My heart sank. Of all my betrayals of my own people, this was bitterest and most shameful to me. My little sister was threatened, and I could do nothing. Coward that I was, I wanted to know no more. I forced the words out woodenly. “What does he do, Yaril, that frightens you?”
“He is so strange, Nevare. He and Caulder have stayed so long here, far past the length of a proper visit. I fear for my reputation among the neighbors, for all know that Father is not the man he used to be, and I can claim no proper chaperone in this household of men. Caulder feels it keenly and is humiliated. Over and over he has urged his uncle to leave. He has found some courage, he says, and wishes to go back to his father and demand that his father be the one to make an offer for my hand. He had a great quarrel with his uncle over this. His uncle was most cruel, reminding Caulder that his father had disowned him, and saying a great many things to put Caulder in his own debt. He says that he is as Caulder’s father now, and has made the offer, and he sees nothing improper in staying so long as guests in the home that Caulder will eventually inherit.”
These were words that stuck in me like a knife. Caulder Stiet would inherit the estates of the Burvelles of the East. Their firstborn son would be Lord Burvelle of the East, if my father petitioned the King to make it so. But he would be a Stiet by his blood. For a moment, anger seethed in me. My father could have elevated me to be his heir son, if he had chosen to do so. Many desperate nobles had petitioned the priests to move a soldier son up to the status of heir. But before my anger could turn to greater bitterness, Yaril’s words caught me again.
“I overheard other words he said. He told Caulder not to be a fool, that they must not leave until he had deciphered the map you sent them. Time and again, he has asked a hundred questions, of me, of the hired men, of virtually anyone who can speak, asking about a ridgeline or a dried-up watercourse. He studies and studies the map you sent him, but will not allow anyone else to see it to interpret it for him. He is obsessed with finding the place where you picked up the rock you gave Caulder. I have shown him all the other rocks you had gathered—you thought they had been thrown out, didn’t you, but I saved them. I thought they were quite interesting, but he pronounced them all just rubbish and pebbles and took no interest in them.”
I recalled the map I had sent him. I had dashed it off in a matter of moments, from memory, giving little thought to accuracy or even scale. At the time I had thought to do nothing more than send him a token map in order to put an end to his nagging correspondence. “Sergeant Duril could look at the map and recognize the area I drew. Tell him to show it to Duril.”

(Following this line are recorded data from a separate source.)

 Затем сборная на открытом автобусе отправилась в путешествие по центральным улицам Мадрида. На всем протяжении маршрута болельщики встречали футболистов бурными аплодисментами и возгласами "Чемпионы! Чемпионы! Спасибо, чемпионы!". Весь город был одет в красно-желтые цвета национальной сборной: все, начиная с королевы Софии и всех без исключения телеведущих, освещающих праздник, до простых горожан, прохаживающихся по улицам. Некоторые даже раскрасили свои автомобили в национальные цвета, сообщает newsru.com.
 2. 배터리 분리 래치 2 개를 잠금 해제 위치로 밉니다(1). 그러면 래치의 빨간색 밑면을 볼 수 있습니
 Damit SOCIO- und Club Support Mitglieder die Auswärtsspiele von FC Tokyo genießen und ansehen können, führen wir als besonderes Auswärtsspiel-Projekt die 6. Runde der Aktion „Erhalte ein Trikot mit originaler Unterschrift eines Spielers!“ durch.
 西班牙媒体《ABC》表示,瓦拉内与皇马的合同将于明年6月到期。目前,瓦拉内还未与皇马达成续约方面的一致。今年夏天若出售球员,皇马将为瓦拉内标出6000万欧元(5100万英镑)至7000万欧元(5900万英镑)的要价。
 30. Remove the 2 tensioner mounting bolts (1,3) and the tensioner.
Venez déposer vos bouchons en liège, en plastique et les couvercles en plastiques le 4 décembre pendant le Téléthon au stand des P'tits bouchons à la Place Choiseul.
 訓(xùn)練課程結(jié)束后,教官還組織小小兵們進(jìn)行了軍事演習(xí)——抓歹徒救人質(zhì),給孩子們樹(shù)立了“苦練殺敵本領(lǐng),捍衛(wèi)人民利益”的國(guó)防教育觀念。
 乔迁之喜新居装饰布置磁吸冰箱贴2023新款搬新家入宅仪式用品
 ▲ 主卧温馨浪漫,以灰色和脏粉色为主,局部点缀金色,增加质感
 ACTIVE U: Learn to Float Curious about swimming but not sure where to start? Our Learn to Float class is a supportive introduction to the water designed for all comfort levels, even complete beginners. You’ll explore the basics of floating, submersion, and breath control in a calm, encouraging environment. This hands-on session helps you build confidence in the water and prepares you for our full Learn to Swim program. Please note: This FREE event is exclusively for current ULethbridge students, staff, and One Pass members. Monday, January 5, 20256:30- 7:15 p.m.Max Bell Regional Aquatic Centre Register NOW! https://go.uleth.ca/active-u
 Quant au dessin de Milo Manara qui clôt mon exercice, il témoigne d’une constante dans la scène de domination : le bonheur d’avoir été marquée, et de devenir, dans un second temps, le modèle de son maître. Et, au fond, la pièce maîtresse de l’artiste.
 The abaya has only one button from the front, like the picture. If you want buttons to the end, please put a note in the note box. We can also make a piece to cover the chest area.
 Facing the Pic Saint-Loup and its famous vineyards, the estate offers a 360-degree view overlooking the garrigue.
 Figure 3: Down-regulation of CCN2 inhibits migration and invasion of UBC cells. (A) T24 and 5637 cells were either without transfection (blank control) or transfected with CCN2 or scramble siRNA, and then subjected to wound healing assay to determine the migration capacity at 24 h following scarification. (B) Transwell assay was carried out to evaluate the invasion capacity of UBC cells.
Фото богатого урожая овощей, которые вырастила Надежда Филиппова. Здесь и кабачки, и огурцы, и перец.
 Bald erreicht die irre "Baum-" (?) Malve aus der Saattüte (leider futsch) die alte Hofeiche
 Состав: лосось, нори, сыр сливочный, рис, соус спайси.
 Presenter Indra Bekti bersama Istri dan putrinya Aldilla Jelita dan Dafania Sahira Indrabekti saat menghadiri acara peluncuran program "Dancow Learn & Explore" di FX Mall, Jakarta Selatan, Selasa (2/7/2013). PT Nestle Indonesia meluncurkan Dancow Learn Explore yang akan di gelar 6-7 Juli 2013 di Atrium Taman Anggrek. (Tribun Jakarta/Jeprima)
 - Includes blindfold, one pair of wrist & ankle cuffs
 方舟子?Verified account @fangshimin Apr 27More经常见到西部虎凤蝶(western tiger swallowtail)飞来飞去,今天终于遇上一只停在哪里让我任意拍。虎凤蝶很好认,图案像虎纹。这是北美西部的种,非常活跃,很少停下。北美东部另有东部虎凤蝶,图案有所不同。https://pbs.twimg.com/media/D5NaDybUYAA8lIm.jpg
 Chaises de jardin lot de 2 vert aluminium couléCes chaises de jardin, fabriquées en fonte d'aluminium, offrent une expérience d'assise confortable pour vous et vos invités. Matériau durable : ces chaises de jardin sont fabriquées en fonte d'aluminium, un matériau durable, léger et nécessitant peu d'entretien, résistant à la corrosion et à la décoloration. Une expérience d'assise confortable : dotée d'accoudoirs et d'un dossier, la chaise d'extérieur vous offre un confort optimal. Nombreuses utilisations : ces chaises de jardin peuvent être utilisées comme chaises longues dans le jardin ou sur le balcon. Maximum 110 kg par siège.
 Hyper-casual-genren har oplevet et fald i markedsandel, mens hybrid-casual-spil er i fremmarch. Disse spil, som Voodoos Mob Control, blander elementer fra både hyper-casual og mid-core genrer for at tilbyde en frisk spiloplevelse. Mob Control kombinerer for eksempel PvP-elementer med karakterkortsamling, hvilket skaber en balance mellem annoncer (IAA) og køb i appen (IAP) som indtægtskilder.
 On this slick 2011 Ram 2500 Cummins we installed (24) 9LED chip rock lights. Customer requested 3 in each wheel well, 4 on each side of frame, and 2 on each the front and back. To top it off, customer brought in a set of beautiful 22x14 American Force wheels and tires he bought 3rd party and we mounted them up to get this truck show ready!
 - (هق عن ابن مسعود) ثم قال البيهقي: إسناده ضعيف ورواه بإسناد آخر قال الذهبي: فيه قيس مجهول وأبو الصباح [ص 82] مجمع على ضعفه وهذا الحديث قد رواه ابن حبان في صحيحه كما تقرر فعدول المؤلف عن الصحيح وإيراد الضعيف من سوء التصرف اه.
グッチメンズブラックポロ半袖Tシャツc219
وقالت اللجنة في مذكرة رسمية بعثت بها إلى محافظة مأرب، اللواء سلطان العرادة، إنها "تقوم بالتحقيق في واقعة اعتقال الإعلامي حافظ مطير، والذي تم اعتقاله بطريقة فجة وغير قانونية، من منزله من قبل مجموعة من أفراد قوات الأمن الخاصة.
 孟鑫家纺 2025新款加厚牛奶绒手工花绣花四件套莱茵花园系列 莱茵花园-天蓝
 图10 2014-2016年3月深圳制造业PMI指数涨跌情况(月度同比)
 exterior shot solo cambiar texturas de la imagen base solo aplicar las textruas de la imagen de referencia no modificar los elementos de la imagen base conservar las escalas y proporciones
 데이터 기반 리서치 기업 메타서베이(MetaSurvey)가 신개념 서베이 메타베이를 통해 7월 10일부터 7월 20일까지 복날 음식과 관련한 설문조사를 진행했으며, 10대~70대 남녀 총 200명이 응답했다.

“The sergeant has offered, several times, to look at it for him, but Caulder’s uncle always declines. Sergeant Duril has become quite frustrated with the man, for he says he has made him waste time riding aimlessly about when he should have been tending to the concerns of the estate.”
“Duril’s a good man. Keep him by you, Yaril, as close as you can. And if at any time you feel you are in danger from anyone, go to Duril and tell him.”
I had no warning. Even if I had, perhaps I could not have chosen better words to end on. With a sudden tug, I felt my awareness pulled loose from Yaril’s. Soldier’s Boy was calling me back. “Not yet!” I shouted at him. “It’s not fair! I’m not finished.”
A most peculiar thing happened. Suddenly my father, eyes empty, was sitting up in his bed, his hands clutching mine. “Nevare? Nevare? Where are you, boy, where are you? Do you need my help? Son, where are you?”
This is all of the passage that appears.